━━━ Data segment ━━━
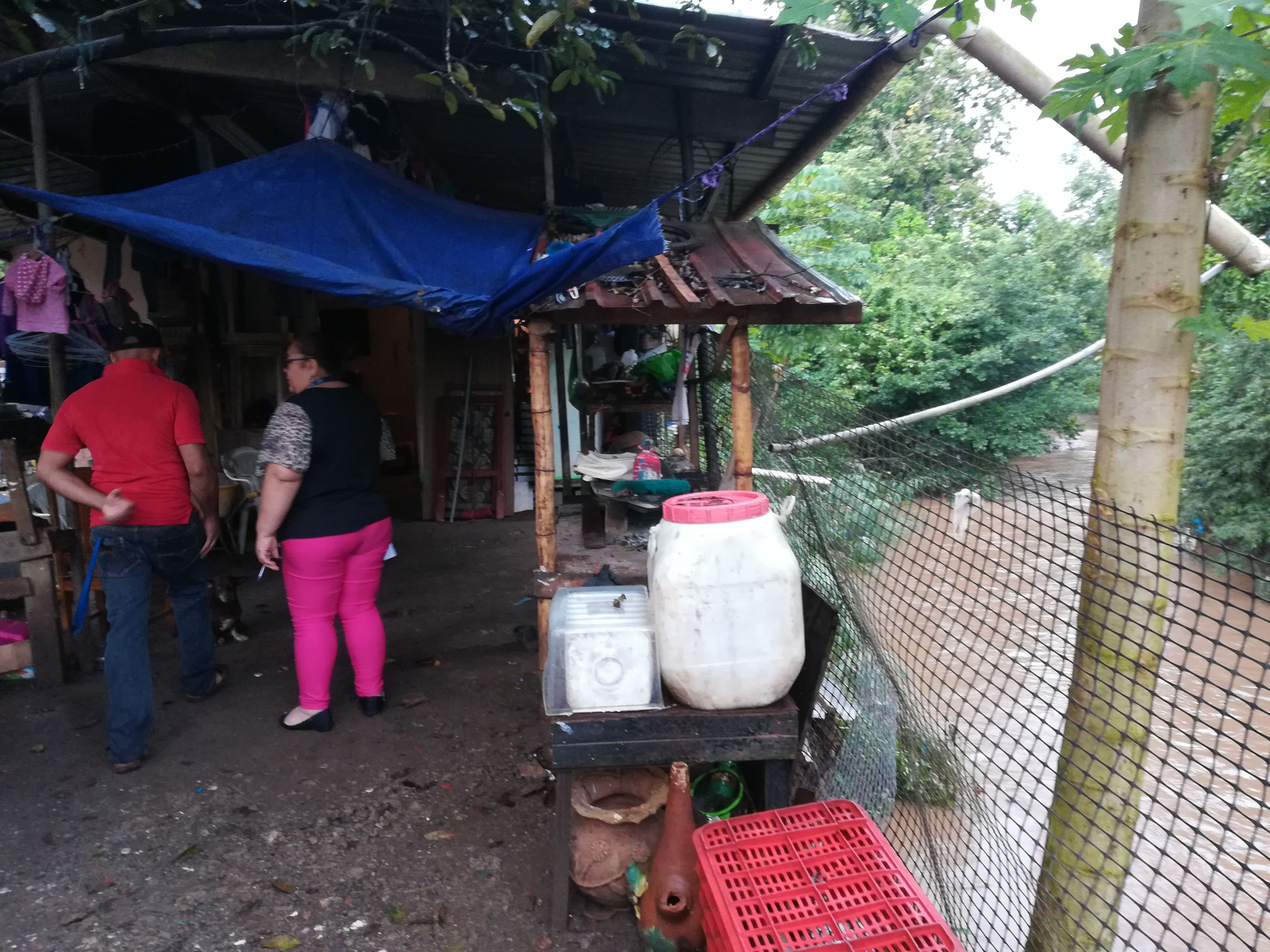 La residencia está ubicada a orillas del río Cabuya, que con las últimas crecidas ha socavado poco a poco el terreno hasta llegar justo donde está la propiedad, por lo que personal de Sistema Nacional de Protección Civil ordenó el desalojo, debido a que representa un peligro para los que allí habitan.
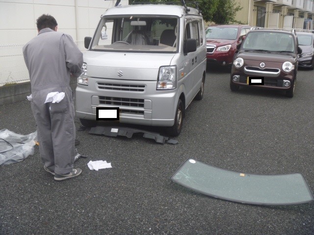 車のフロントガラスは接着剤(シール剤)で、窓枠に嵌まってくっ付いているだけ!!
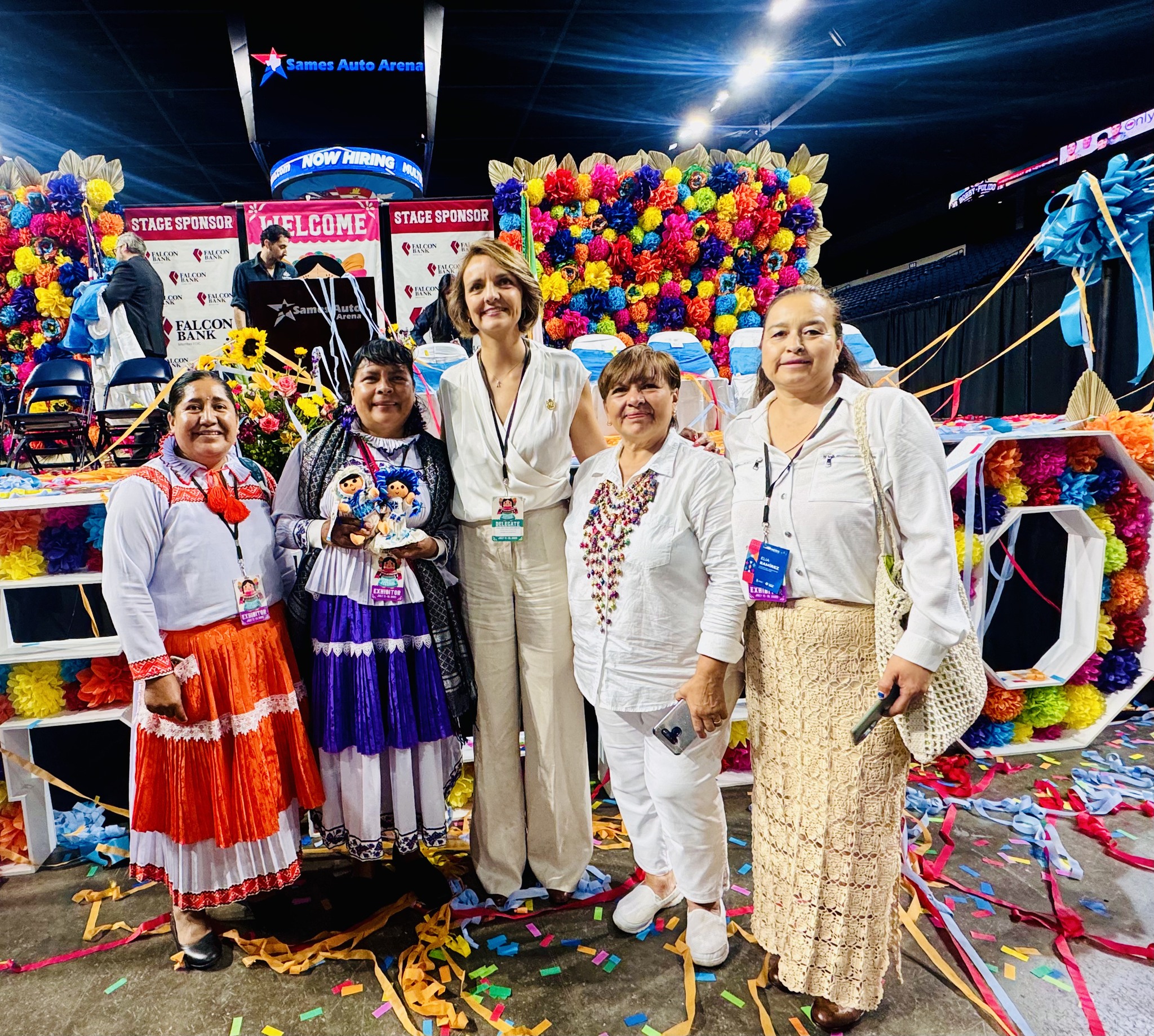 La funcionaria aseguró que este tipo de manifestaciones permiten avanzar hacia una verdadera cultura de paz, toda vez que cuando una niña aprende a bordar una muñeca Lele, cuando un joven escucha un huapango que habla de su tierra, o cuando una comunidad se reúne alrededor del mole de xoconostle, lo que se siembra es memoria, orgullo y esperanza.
━━━
● Problem description:
Exactly as they appear above, print all the lines, but not the pictures.

● Solution to this exercise:
 La residencia está ubicada a orillas del río Cabuya, que con las últimas crecidas ha socavado poco a poco el terreno hasta llegar justo donde está la propiedad, por lo que personal de Sistema Nacional de Protección Civil ordenó el desalojo, debido a que representa un peligro para los que allí habitan.
 車のフロントガラスは接着剤(シール剤)で、窓枠に嵌まってくっ付いているだけ!!
 La funcionaria aseguró que este tipo de manifestaciones permiten avanzar hacia una verdadera cultura de paz, toda vez que cuando una niña aprende a bordar una muñeca Lele, cuando un joven escucha un huapango que habla de su tierra, o cuando una comunidad se reúne alrededor del mole de xoconostle, lo que se siembra es memoria, orgullo y esperanza.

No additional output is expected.